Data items
[Start of Attachment]

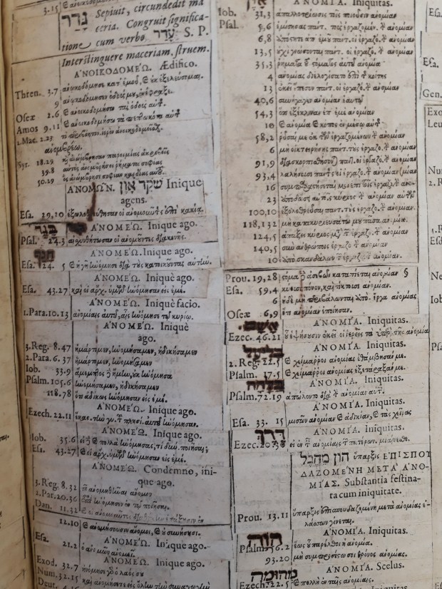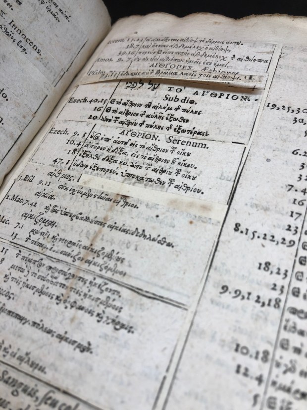 I’m pleased to have my own contribution in the volume as well. Interestingly, my article is positioned almost precisely at the end of this massive tome. But hey, I don’t actually blame anyone. The article is something of a black sheep, entitled “The ‘Scissors and Paste’ Septuagint Concordance in the Bodleian Library (Auct. E 1.2,3).” This was an article that was prompted by a very unlikely event: Reading the preface to the revised edition of Hatch and Redpath’s Concordance.*
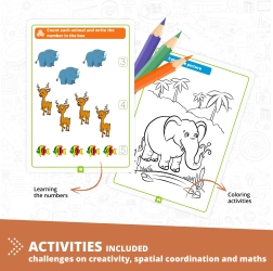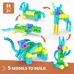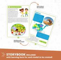 Engino Klocki Uczymy się – dzikie zwierzęta oferują dzieciom możliwość nie tylko zbudowania aż 5 różnych modeli, ale też odkrywania ciekawych faktów o zwierzętach. Ucz się poprzez zabawne aktywności, takie jak kolorowanki, łączenie kropek czy ćwiczenie matematyki, a wszystko to wsparte aplikacją z rozszerzoną rzeczywistością (Augmented Reality).
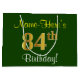 Elegant, Green, Faux Gold 84th Birthday + Name Large Gift Bag
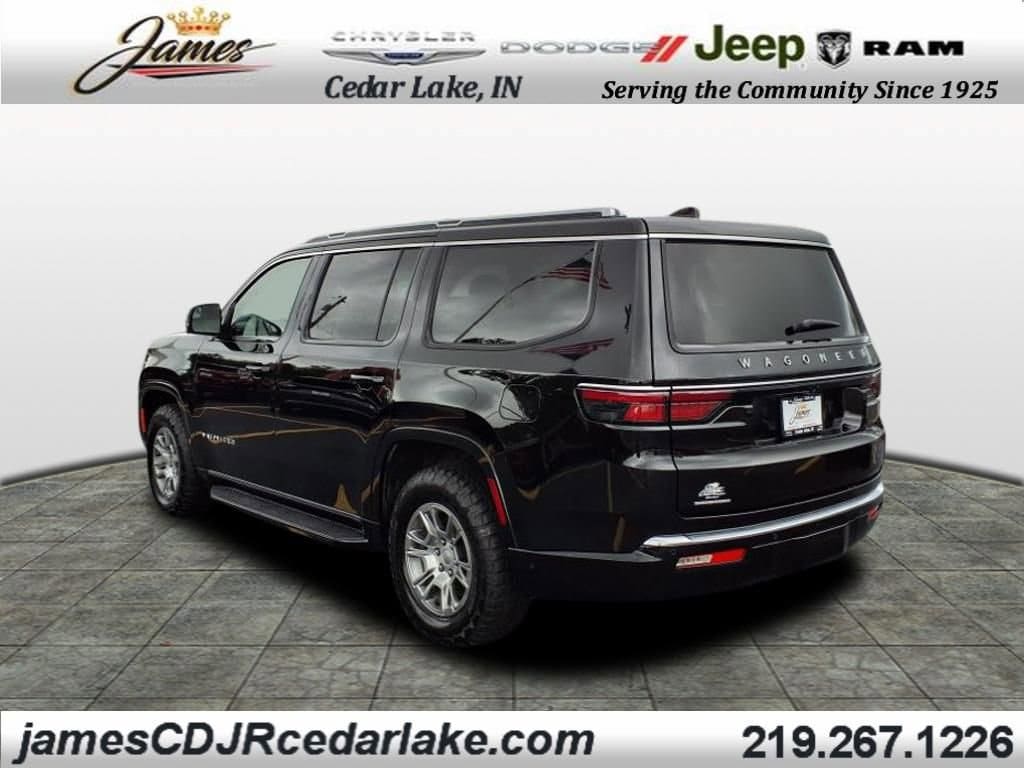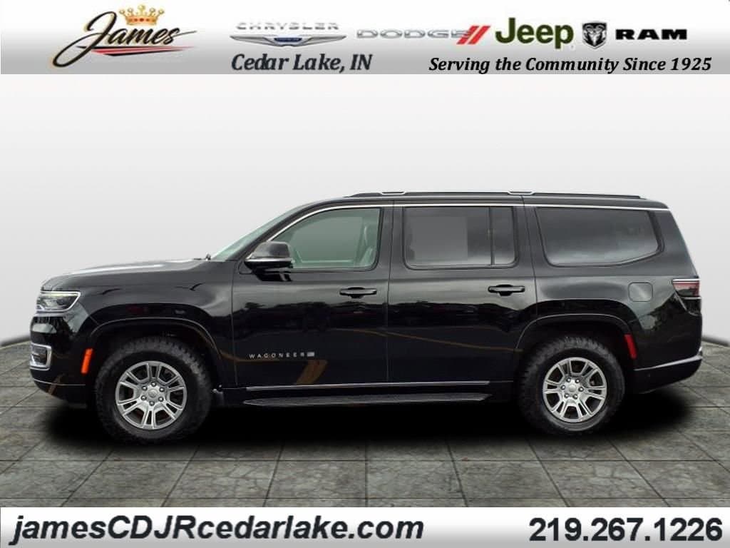 2023 Jeep Wagoneer Base CLEAN CARFAX, 1 OWNER, ADAPTIVE CRUISE CONTROL, APPLE CAR PLAY, ANDROID AUTO, GPS NAVIGATION, REMOTE START, UCONNECT 5 w/ 10.25 - INCH TOUCH SCREEN DISPLAY, TOUCH SCREEN DISPLAY, PUSH BUTTON START, KEYLESS ENTRY, HEATED FRONT SEATS, HEATED STEERING WHEEL, HEATED 2ND ROW SEATS, 4 WHEEL DRIVE / 4X4 / 4WD, TINTED WINDOWS, 8-WAY POWER DRIVER AND PASSENGER SEAT, POWER LUMBAR ADJUSTABLE DRIVER SEAT, POWER ADJUSTABLE PEDALS, TOW HITCH, ALPINE STEREO SYSTEM, BLUTOOTH, USB PORTS, AUXILLARY PORTS, UNIVERSAL GARAGE DOOR OPENER, LEATHER SEATING, ACTIVE LANE-MANAGEMENT SYSTEM, FULL-SPEED FORWARD-COLLISION WARNING PLUS, PARKVIEW REAR BACK UP CAMERA, PARKSENSE REAR PARK-ASSIST W/ STOP, BLIND SPOT AND CROSS PATH DETECTION, PEDESTRIAN/ CYCLIST EMERGENCY BRAKING, HEATED AND VENTILATED (COOLED) FRONT SEATS, ALUMINUM WHEELS, STEERING WHEEL W/ AUDIO CONTROLS, DRIVER SEAT MEMORY, INTEGRATED VOICE COMMAND W/ BLUETOOTH, DEEP TINT SUNSCREEN (PRIVACY) GLASS, ALL MECHANICAL REPAIRS AND MAINTENANCE HAS BEEN PERFORMED AND IS READY FOR IMMEDIATE DELIVERY!, 8-PASSENGER SEATING, SECOND AND THIRD ROW SPLIT BENCH SEATS, 5.7L V8 HEMI ENGINE, GPS/NAV/NAVI, PARKSENSE FR/RR PARK ASSIST W/STOP, WIRELESS CHARGING PAD, 4G LTE WI-FI HOT SPOT, LEATHER TRIMMED BUCKET SEATS, VENTILATED FRONT SEATS, HANDS FREE POWER LIFTGATE, 4D Sport Utility, 5.7L V8, 8-Speed Automatic, 4WD, Diamond Black Crystal Pearlcoat, Black Leather, 10 Speakers, 2nd Row Manual Window Shades, 3rd row seats: bench, 4-Wheel Disc Brakes, ABS brakes, Active Lane Management System, Adaptive Cruise Control w/Stop & Go, Adjustable pedals, AM/FM radio: SiriusXM with 360L, Anti-whiplash front head restraints, Audio memory, Auto High Beam Headlamp Control, Auto-dimming door mirrors, Auto-dimming Rear-View mirror, Auto-leveling suspension, Automatic temperature control, Brake assist, Bumpers: body-color, Compass, Convenience Group I, Delay-off headlights, Driver door bin, Driver vanity mirror, Dual front impact airbags, Dual front side impact airbags, Electronic Stability Control, Emergency communication system: Automatic SOS Call, Exterior Parking Camera Rear, Four wheel independent suspension, Front Bucket Seats, Front Center Armrest w/Storage, Front dual zone A/C, Front fog lights, Front reading lights, Fully automatic headlights, Garage door transmitter, Heated door mirrors, Heated front seats, Heated Second Row Seats, Heated steering wheel, Illuminated entry, Knee airbag, Leather Trimmed Bucket Seats, Low tire pressure warning, Memory seat, Navigation System, Normal Duty Suspension, Occupant sensing airbag, Outside temperature display, Overhead airbag, P&P Park & Unpark Assist w/Stop System, Panic alarm, Passenger door bin, Passenger seat mounted armrest, Passenger vanity mirror, Pedal memory, Power adjustable front head restraints, Power door mirrors, Power driver seat, Power Liftgate, Power passenger seat, Power steering, Power windows, Quick Order Package 22E (DISC), Radio: Uconnect 5 Nav w/10.1" Display, Rain Sensitive Windshield Wipers, Rear air conditioning, Rear anti-roll bar, Rear dual zone A/C, Rear reading lights, Rear seat center armrest, Rear window defroster, Rear window wiper, Reclining 3rd row seat, Remote keyless entry, Security system, Side Distance Warning, Speed control, Speed-sensing steering, Speed-Sensitive Wipers, Split folding rear seat, Steering wheel memory, Steering wheel mounted audio controls, Surround View Camera System, Tachometer, Telescoping steering wheel, Tilt steering wheel, Traction control, Trip computer, Turn signal indicator mirrors, Variably intermittent wipers, Ventilated front seats, Wireless Charging Pad. CARFAX One-Owner. Diamond Black Crystal Pearlcoat
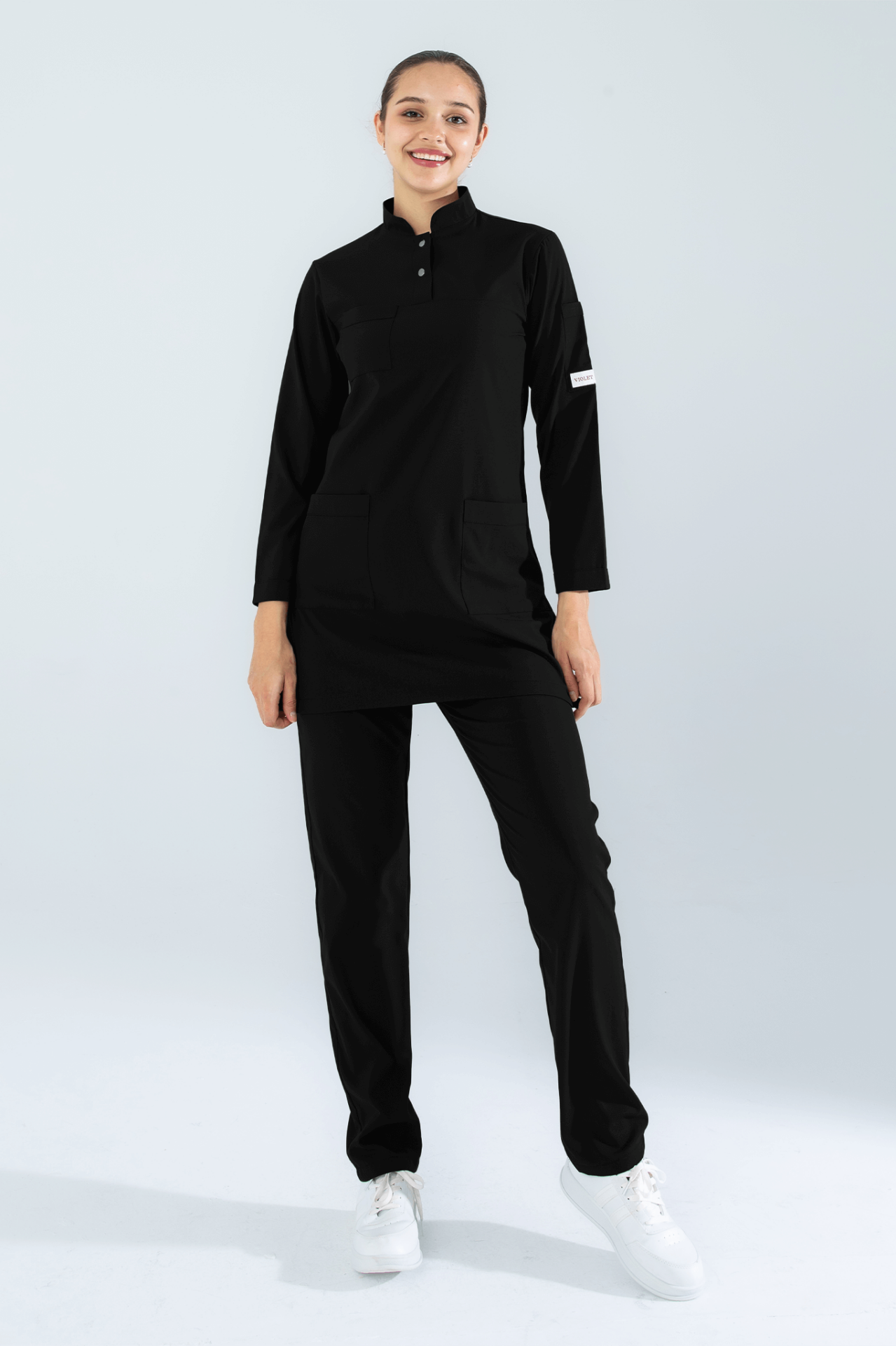 Violet Uniform Siyah Shamera Tesettür Scrubs Takım

[End of Attachment]

YOUR ASSIGNMENT =
Your answer must be the entries written out word for word, without their pictures.

YOUR SOLUTION =
 I’m pleased to have my own contribution in the volume as well. Interestingly, my article is positioned almost precisely at the end of this massive tome. But hey, I don’t actually blame anyone. The article is something of a black sheep, entitled “The ‘Scissors and Paste’ Septuagint Concordance in the Bodleian Library (Auct. E 1.2,3).” This was an article that was prompted by a very unlikely event: Reading the preface to the revised edition of Hatch and Redpath’s Concordance.*
 Engino Klocki Uczymy się – dzikie zwierzęta oferują dzieciom możliwość nie tylko zbudowania aż 5 różnych modeli, ale też odkrywania ciekawych faktów o zwierzętach. Ucz się poprzez zabawne aktywności, takie jak kolorowanki, łączenie kropek czy ćwiczenie matematyki, a wszystko to wsparte aplikacją z rozszerzoną rzeczywistością (Augmented Reality).
 Elegant, Green, Faux Gold 84th Birthday + Name Large Gift Bag
 2023 Jeep Wagoneer Base CLEAN CARFAX, 1 OWNER, ADAPTIVE CRUISE CONTROL, APPLE CAR PLAY, ANDROID AUTO, GPS NAVIGATION, REMOTE START, UCONNECT 5 w/ 10.25 - INCH TOUCH SCREEN DISPLAY, TOUCH SCREEN DISPLAY, PUSH BUTTON START, KEYLESS ENTRY, HEATED FRONT SEATS, HEATED STEERING WHEEL, HEATED 2ND ROW SEATS, 4 WHEEL DRIVE / 4X4 / 4WD, TINTED WINDOWS, 8-WAY POWER DRIVER AND PASSENGER SEAT, POWER LUMBAR ADJUSTABLE DRIVER SEAT, POWER ADJUSTABLE PEDALS, TOW HITCH, ALPINE STEREO SYSTEM, BLUTOOTH, USB PORTS, AUXILLARY PORTS, UNIVERSAL GARAGE DOOR OPENER, LEATHER SEATING, ACTIVE LANE-MANAGEMENT SYSTEM, FULL-SPEED FORWARD-COLLISION WARNING PLUS, PARKVIEW REAR BACK UP CAMERA, PARKSENSE REAR PARK-ASSIST W/ STOP, BLIND SPOT AND CROSS PATH DETECTION, PEDESTRIAN/ CYCLIST EMERGENCY BRAKING, HEATED AND VENTILATED (COOLED) FRONT SEATS, ALUMINUM WHEELS, STEERING WHEEL W/ AUDIO CONTROLS, DRIVER SEAT MEMORY, INTEGRATED VOICE COMMAND W/ BLUETOOTH, DEEP TINT SUNSCREEN (PRIVACY) GLASS, ALL MECHANICAL REPAIRS AND MAINTENANCE HAS BEEN PERFORMED AND IS READY FOR IMMEDIATE DELIVERY!, 8-PASSENGER SEATING, SECOND AND THIRD ROW SPLIT BENCH SEATS, 5.7L V8 HEMI ENGINE, GPS/NAV/NAVI, PARKSENSE FR/RR PARK ASSIST W/STOP, WIRELESS CHARGING PAD, 4G LTE WI-FI HOT SPOT, LEATHER TRIMMED BUCKET SEATS, VENTILATED FRONT SEATS, HANDS FREE POWER LIFTGATE, 4D Sport Utility, 5.7L V8, 8-Speed Automatic, 4WD, Diamond Black Crystal Pearlcoat, Black Leather, 10 Speakers, 2nd Row Manual Window Shades, 3rd row seats: bench, 4-Wheel Disc Brakes, ABS brakes, Active Lane Management System, Adaptive Cruise Control w/Stop & Go, Adjustable pedals, AM/FM radio: SiriusXM with 360L, Anti-whiplash front head restraints, Audio memory, Auto High Beam Headlamp Control, Auto-dimming door mirrors, Auto-dimming Rear-View mirror, Auto-leveling suspension, Automatic temperature control, Brake assist, Bumpers: body-color, Compass, Convenience Group I, Delay-off headlights, Driver door bin, Driver vanity mirror, Dual front impact airbags, Dual front side impact airbags, Electronic Stability Control, Emergency communication system: Automatic SOS Call, Exterior Parking Camera Rear, Four wheel independent suspension, Front Bucket Seats, Front Center Armrest w/Storage, Front dual zone A/C, Front fog lights, Front reading lights, Fully automatic headlights, Garage door transmitter, Heated door mirrors, Heated front seats, Heated Second Row Seats, Heated steering wheel, Illuminated entry, Knee airbag, Leather Trimmed Bucket Seats, Low tire pressure warning, Memory seat, Navigation System, Normal Duty Suspension, Occupant sensing airbag, Outside temperature display, Overhead airbag, P&P Park & Unpark Assist w/Stop System, Panic alarm, Passenger door bin, Passenger seat mounted armrest, Passenger vanity mirror, Pedal memory, Power adjustable front head restraints, Power door mirrors, Power driver seat, Power Liftgate, Power passenger seat, Power steering, Power windows, Quick Order Package 22E (DISC), Radio: Uconnect 5 Nav w/10.1" Display, Rain Sensitive Windshield Wipers, Rear air conditioning, Rear anti-roll bar, Rear dual zone A/C, Rear reading lights, Rear seat center armrest, Rear window defroster, Rear window wiper, Reclining 3rd row seat, Remote keyless entry, Security system, Side Distance Warning, Speed control, Speed-sensing steering, Speed-Sensitive Wipers, Split folding rear seat, Steering wheel memory, Steering wheel mounted audio controls, Surround View Camera System, Tachometer, Telescoping steering wheel, Tilt steering wheel, Traction control, Trip computer, Turn signal indicator mirrors, Variably intermittent wipers, Ventilated front seats, Wireless Charging Pad. CARFAX One-Owner. Diamond Black Crystal Pearlcoat
 Violet Uniform Siyah Shamera Tesettür Scrubs Takım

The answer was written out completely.